The loaves are really tasty so far while still warm and I bet the sour will be more pronounced when completely cooled. Here you can see all four loaves. Guess which ones were underproofed?

All four loaves

 I know Nancy Silverton in her book on the Breads of La Brea Bakery talked about perfectly proofed loaves blooming in color and smell etc. If you can catch them at the right moment…there is nothing quite like a sourdough proofed to perfection. Just keep trying. This was a promising firs bake with this starter, I will have another go at it soon.

SF number 3 crumb

YUM,YUM! More Sourdough Biscuits!

I made up some new sourdough biscuits in response to a customer who wanted to bake up some sourdough biscuits. I have the one recipe posted on my sourdough site but some people have trouble following the directions….so…here is another one! This is an easy one and the biscuits come out fluffy and light.

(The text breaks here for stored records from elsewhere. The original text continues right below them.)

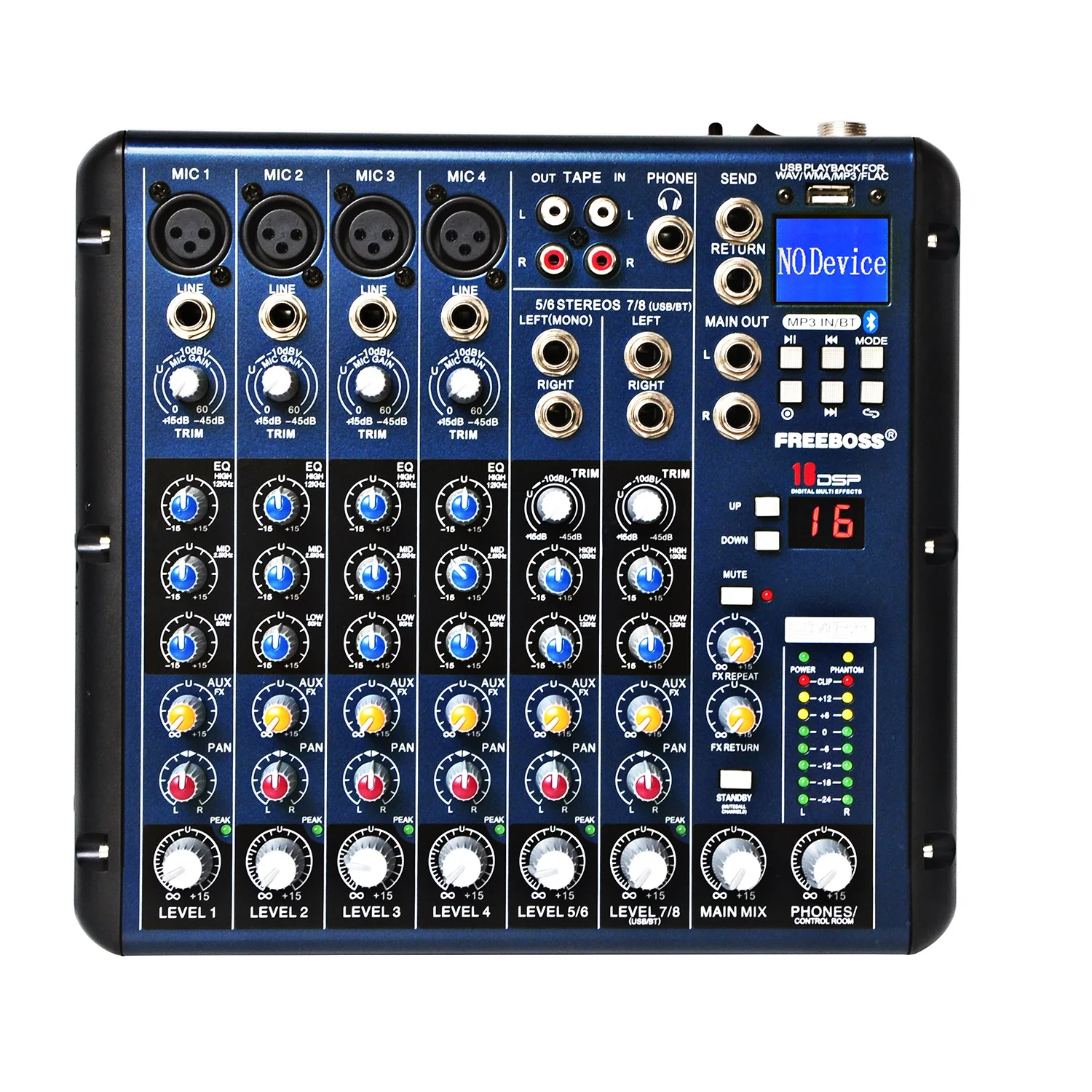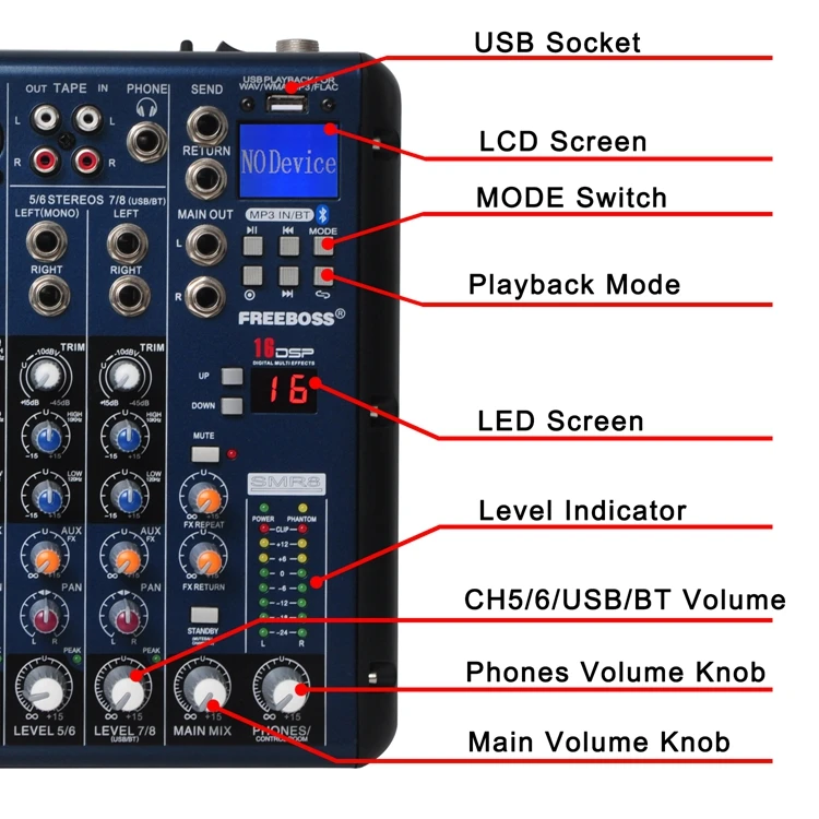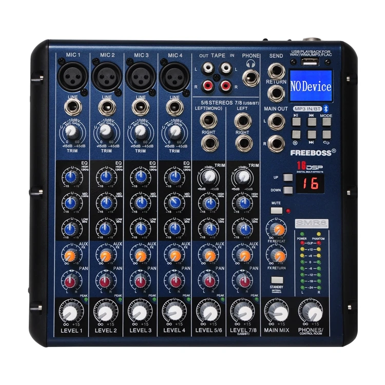 Freeboss SMR8 Bluetooth USB Запись 8 каналов (4 моно + 2 стерео) 16 DSP церкви школы караоке вечерние НКИ USB DJ микшер
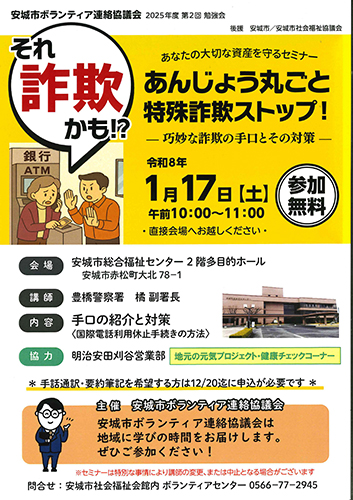 安城市ボランティア連絡協議会が2026年1月17日午前10時から、「あんじょう丸ごと特殊詐欺ストップ!」を、同市赤松町の市総合福祉センター2階多目的ホールで、開催します。11時まで、参加無料。
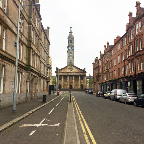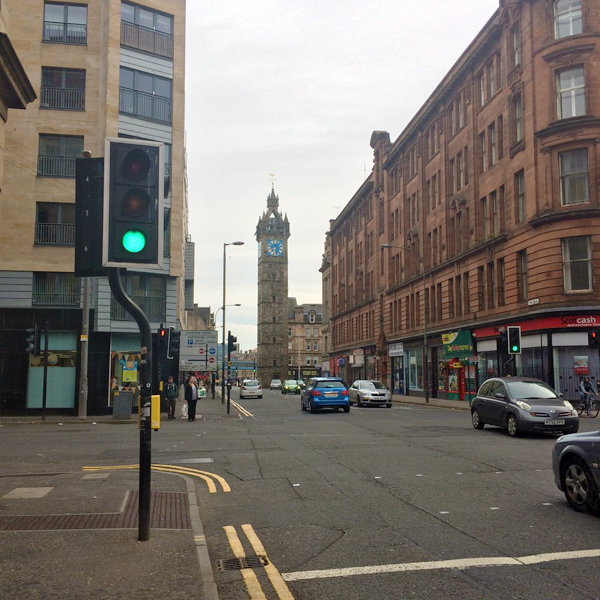 This was our first view of Glasgow Cross, the main intersection of the city. The clock tower is called Tolbooth Steeple and it’s all that remains of the original city center buildings.
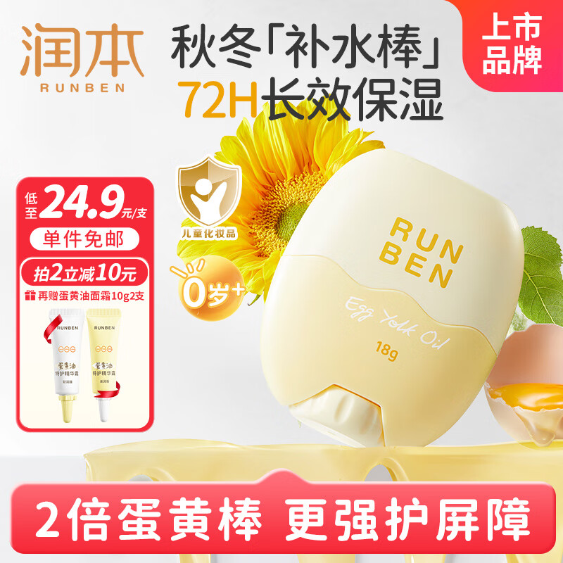 旗舰店润本(RUNBEN)儿童面霜婴儿蛋黄油皴裂棒宝宝秋冬滋润保湿霜身体乳补水润肤乳 蛋黄油面霜棒 18g 【王牌爆款】
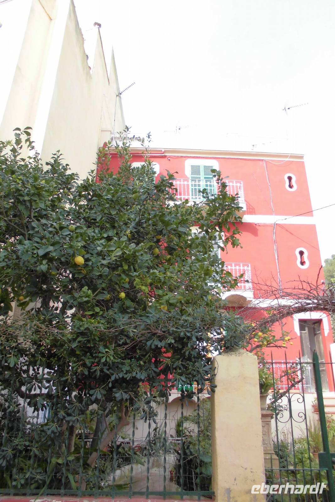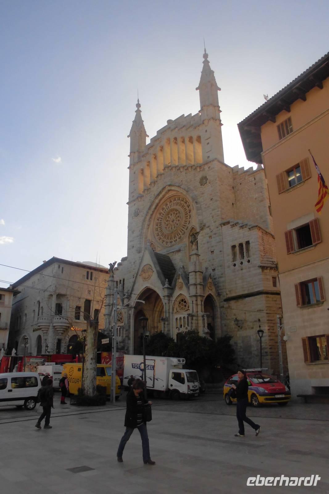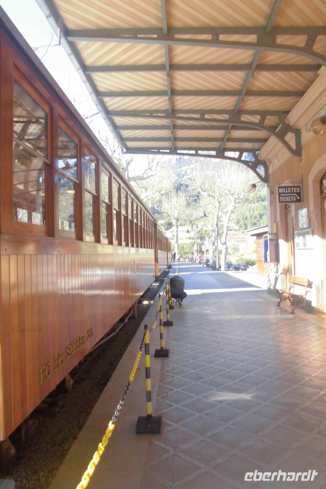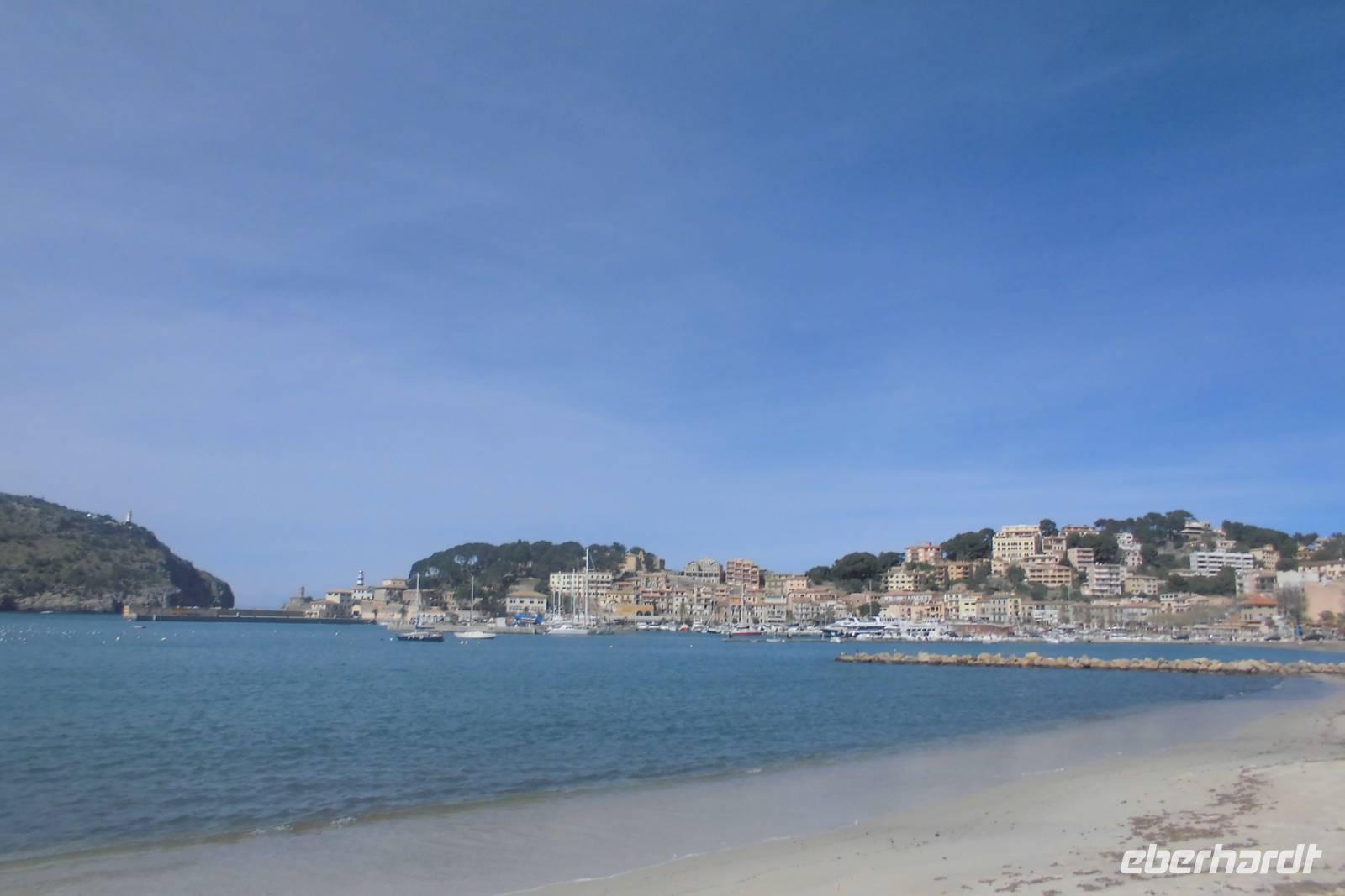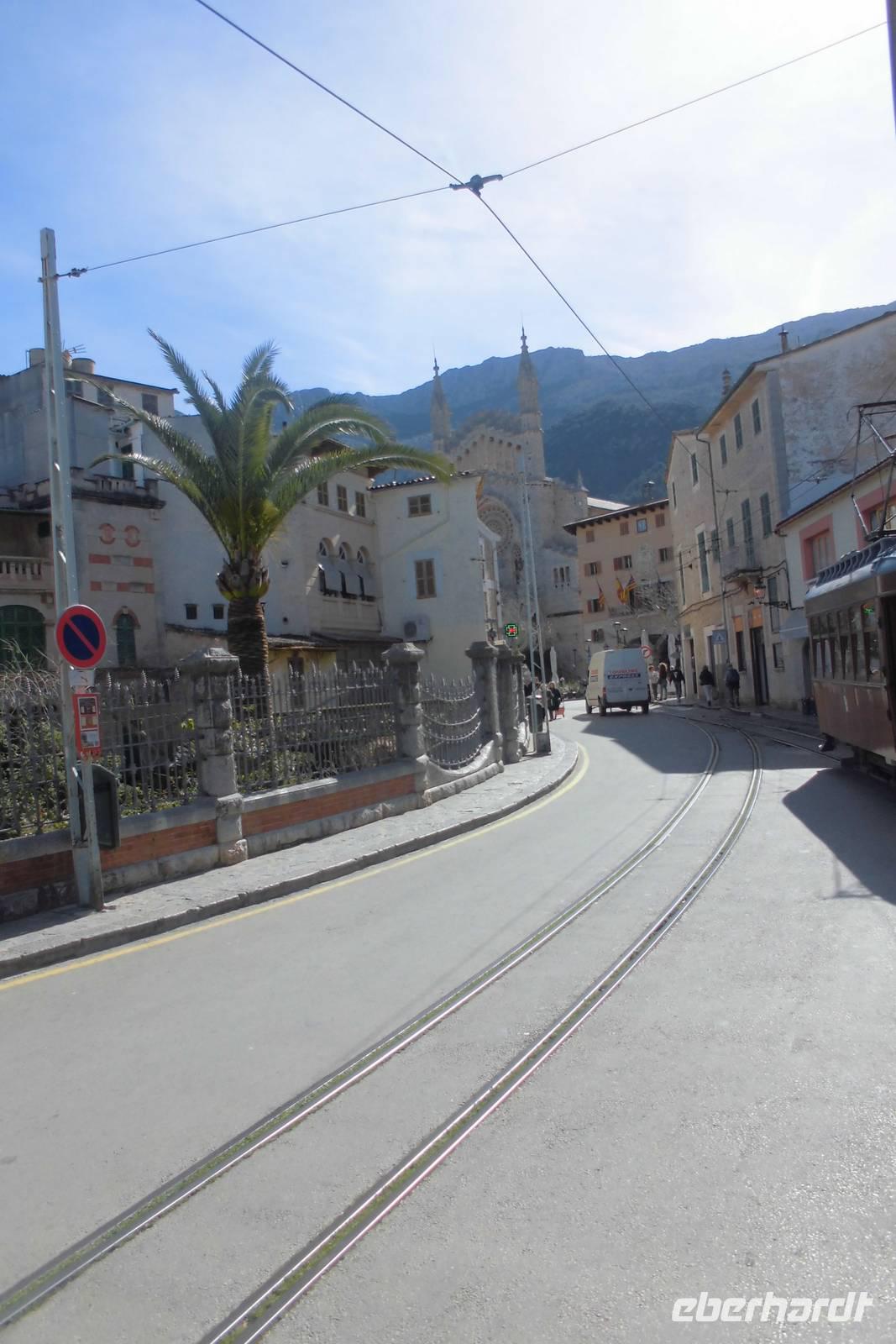 Am heutigen Tag lassen wir die Wanderschuhe mal im Hotel und machen uns auf, per Bus und Tram den Westen Mallorcas zu erkunden. Wir starten mit der uns schon wohlbekannten Busfahrt Richtung Palma, von wo aus es nun ins Tramuntana-Gebirge geht. In Soller, einer kleinen, noch etwas verschlafen wirkenden Stadt machen wir halt und spazieren entlang kleiner Gärten und Haine voller Orangen- und Zitronenbäume. Im Zentrum werden die Strassen immer mehr zu Gassen und am Hauptplatz passieren wir das erste Mal die Schienen der alten Straßenbahn, welche Soller mit Port de Soller verbindet. Im alten Bahnhof der Stadt sehen wir kurz den „Roten Blitz", die berühmte Bahn, welche von hier gen Palma fährt. Wer Lust hat, wirft einen kurzen Blick in das Museum, welches die gemeinsame Zeit von Dalí und Picasso in Soller dokumentiert. Isabèl empfiehlt uns, unbedingt auf dem Markplatz einen frisch gepressten Orangensaft zu trinken - machen wir natürlich und sind begeistert. Wir bummeln noch etwas durch die vielen Souvenirgeschäfte, ehe es vom Bahnhof mit der Tram weitergeht in das Hafenstädtchen Port de Soller. Während der Fahrt mit der urigen Straßenbahn lassen wir uns den frischen Wind um die Nase wehen und genießen die vorbeiziehende Landschaft.

The night before you are planning to bake biscuits for breakfast, add together in a large bowl :

1 cup sourdough starter

2 cups milk (1/2 & 1/2 is best)

1/4 cup melted butter(don’t pour in while still hot) or oil

2 cups all purpose flour

Stir well and cover lightly, leave overnight at room temperature.

Next morning add together in another bowl :

2 cups all purpose flour

1 Tablespoon sugar

2 teaspoons salt

1 Tablespoon baking powder

1 teaspoon baking soda

Stir all of the dry ingredients and add the dry ingredients all at once to the large bowl of starter mixture. Mix together and pour out onto a well floured surface. Knead enough times to make the dough workable and keep the dough ball covered in flour on the outside but don’t knead in so much flour because you want the dough to be still sticky in the middle. Gather up the dough making sure there is enough flour on the top and bottom and roll out 1/2 inch thick dough. Using a 3″ biscuit cutter cut out the biscuits and flatten them slightly when you place them on a greased baking sheet. This makes about 18 large biscuits. Let your pan sit for about 1/2 hour – 1 hour and then pop into a 400F oven (you can pop them in right away if you don’t want to wait ) and bake for 18 minutes, turning the pan halfway. Your biscuits should look like this:

biscuits

more biscuits

biscuits with butter

If you want your biscuits to sit up higher, knead in a little more flour so they are a little stiffer, and don’t flatten slightly when placed in the pan. What flattening them does is to help them be less dense and more feathery soft inside. You can brush melted butter over the tops if you like and serve hot! 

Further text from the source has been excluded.